I wonder if the pervasive pre-millenium tension of the previous decade hasn't led to a serious case of apocalyptic blue-balls. Amid the growing din of millenarian fundamentalists, technophobic survivalists, numerological fruitcakes, and rubbernecking cynics, it was impossible not to anticipate - with some degree of excitement - the systemic aneurysm & subsequent pandemonium of Y2K. It possibly came as a greater shock that nothing happened. The lights stayed on, nothing exploded, and computers only crashed if they were running Windows 98 (and so was par for the course). Since then, people have been desperate to declare every new disaster as the Day the World Changed Forever. Granted, the mere seven years of the new century have already accrued an impressive catalogue of catastrophes: September 11, the Iraq War, Katrina, and the current economic meltdown. But as of yet, very little has fundamentally changed about the way the world works. Hell, Bill Hicks could rise from the grave and (much to his apopleptic chagrin, I imagine) do a verbatim rehash of his early-'90s routines. Could it be that we're all just a bit... disappointed?

(*) - I'm a bit surprised that no one's cited the "Eno mix" of Massive Attack's "Protection" as an obvious precursor to Burial's diffuse, stray-transmission aesthetic.

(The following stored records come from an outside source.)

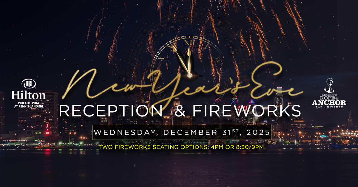Join us on New Year's Eve from 4:00PM - 6:00PM at Keating's Rope & Anchor Bar + Kitchen for a fun family celebration! Bring your kids for various buffet options, delicious desserts, and an incredible fireworks display at 6pm over the Delaware River!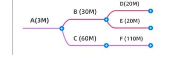 Agent A Commission rate=20% (because A 3 M + B 30 M + C 60 M + D 20 M + E 20 M + F 110 M = 243M)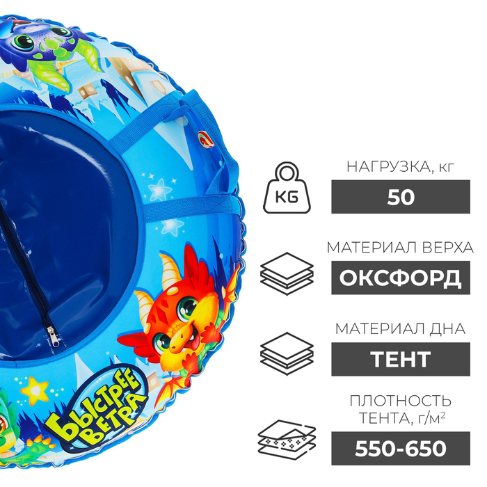 Дно тюбинга изготовлено из тентовой ткани плотностью 550–650 г/м², что гарантирует долгий срок службы и обеспечивает отличное скольжение. Снаряд оснащён безопасными ручками и молнией для быстрого доступа к камере. Имеет закрытую сердцевину, что исключает попадание снега внутрь. Для тюбинга подойдёт камера 13 дюймов. Предназначен для детей от 5 лет.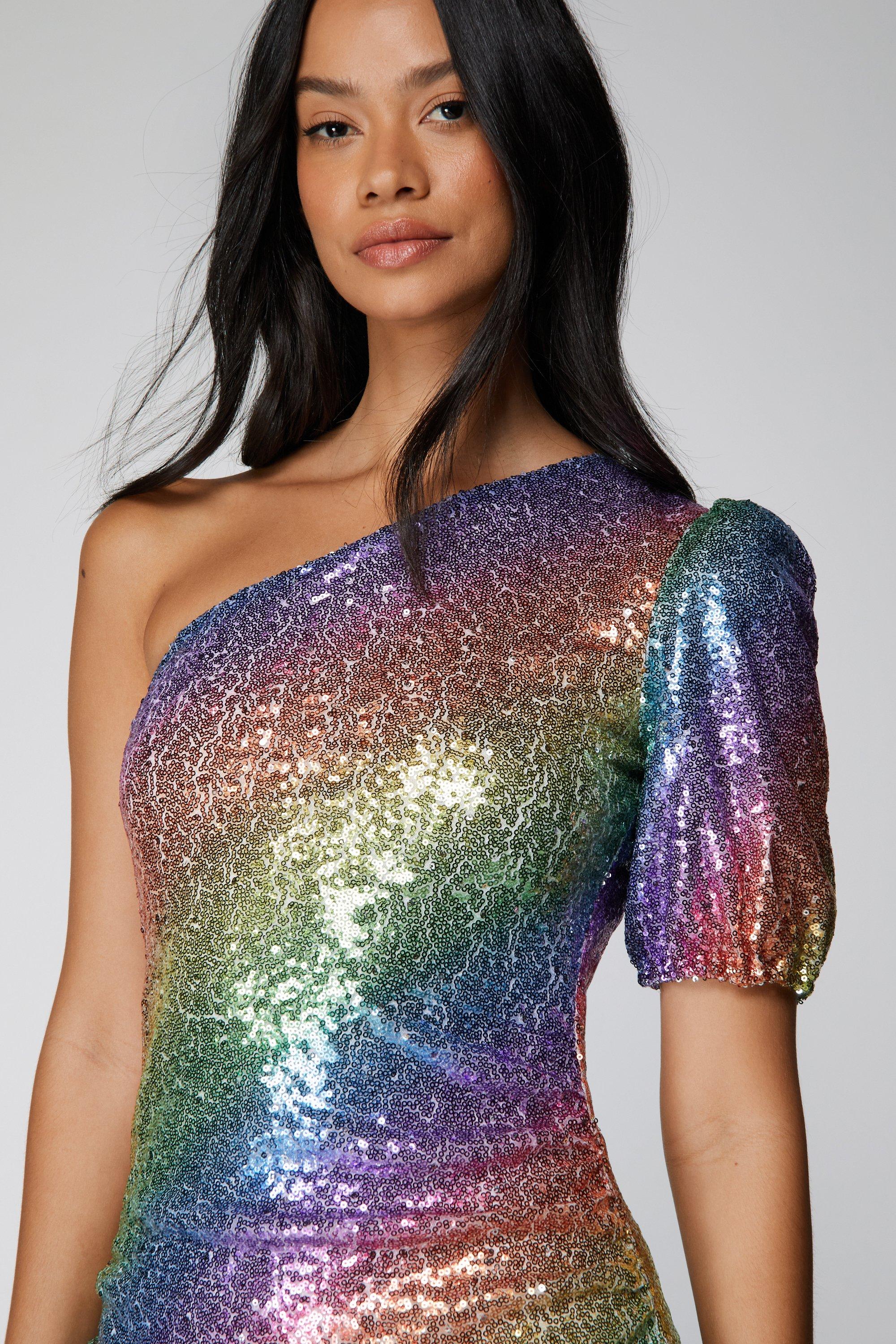 One shoulder rainbow clearance dress, Rainbow Disco One Shoulder Dress Limited clearance
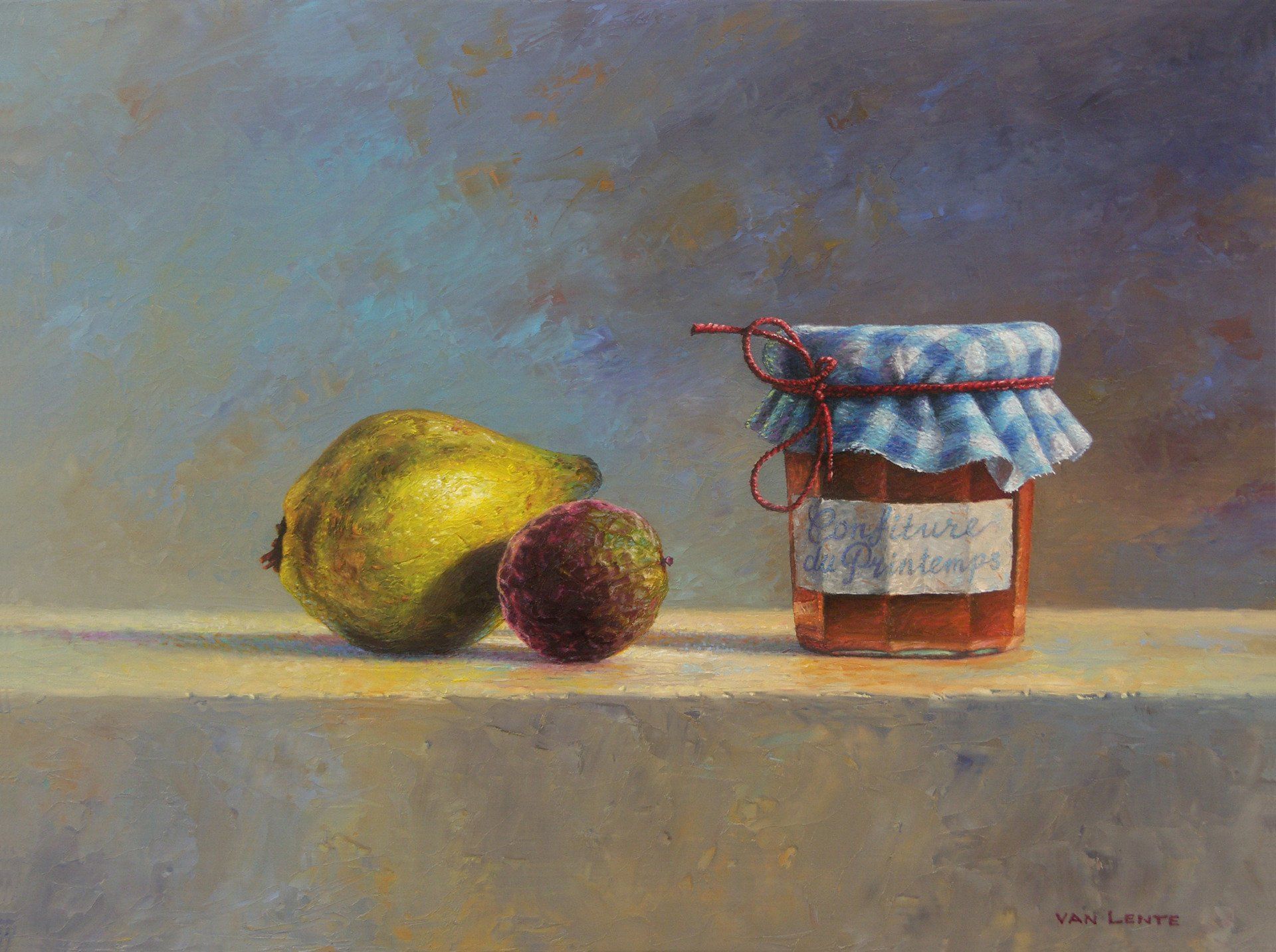 peren en lichtblauw schaaltje | olieverf paneel | 30 x 40 cm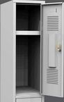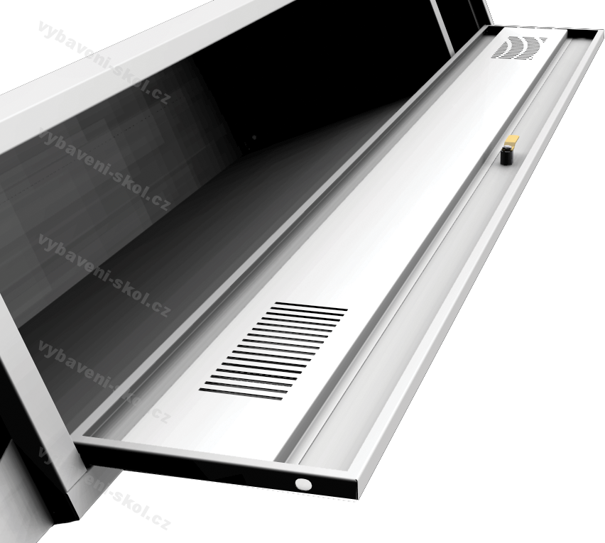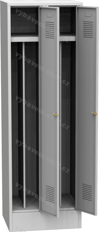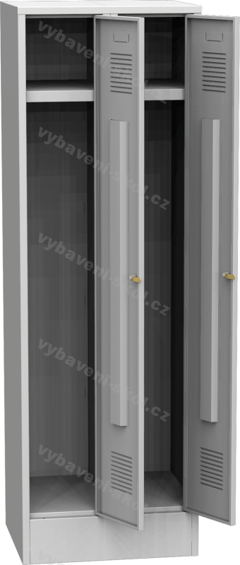 Povrch skříně je ošetřen práškovou povrchovou úpravou v barvě RAL 7035, ta předurčuje šatní skříni dlouhou životnost, snadno se čistí a udržuje. Šatní oddělení je standardně vybaveno policí a tyčí na šaty se 3 plastovými háčky. Svařovaný korpus z ocelového plechu tl. 0,7 mm. Dveře s možností volby barvy RAL jsou standardně vybaveny výztuhou pro zvýšení odolnosti, větracími žaluziemi pro účinné odvětrání a prolisem. Dveře jsou zavěšeny na vnějších pantech. Šatní skříň je standardně vybavena cylindrickým zámkem se dvěma klíči. Zamykání dveří je jednobodové, umístěné uprostřed dveří. Další výbavu můžete zvolit dle nabídky.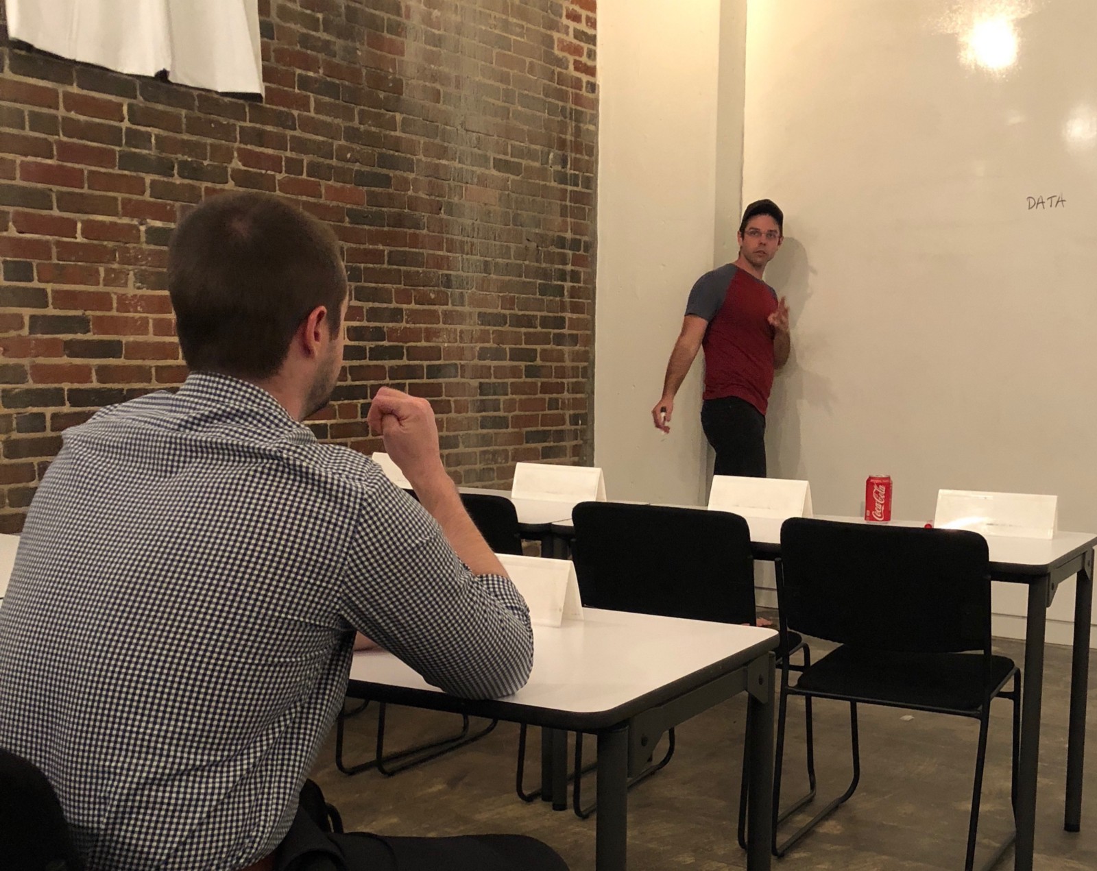 Hunter continuing with questions with a Solidity workshop attendant after class

(**) - Some artists who've been lumped under the hauntology banner, like SunnO))), are a little ill-suited to the "genre," given that they actually originate sounds by tangible means. In this regard, they're better suited to the "post-" (i.e. reductio ad absurdum minimalist deconstruction) prefix.

(***) - Need we be reminded that Burial himself is "too young to have ever gone to a warehouse rave."

Non-sequitorial postscript: Oh, Marnie... Marnie, Marnie, Marnie, I hear you, I dig what you're saying, I can relate, and you're a motherfucker of a guitar player, but... goddamit, just stop singing in that fuckin' cat-in-heat bleat and we can hang, okay? Please?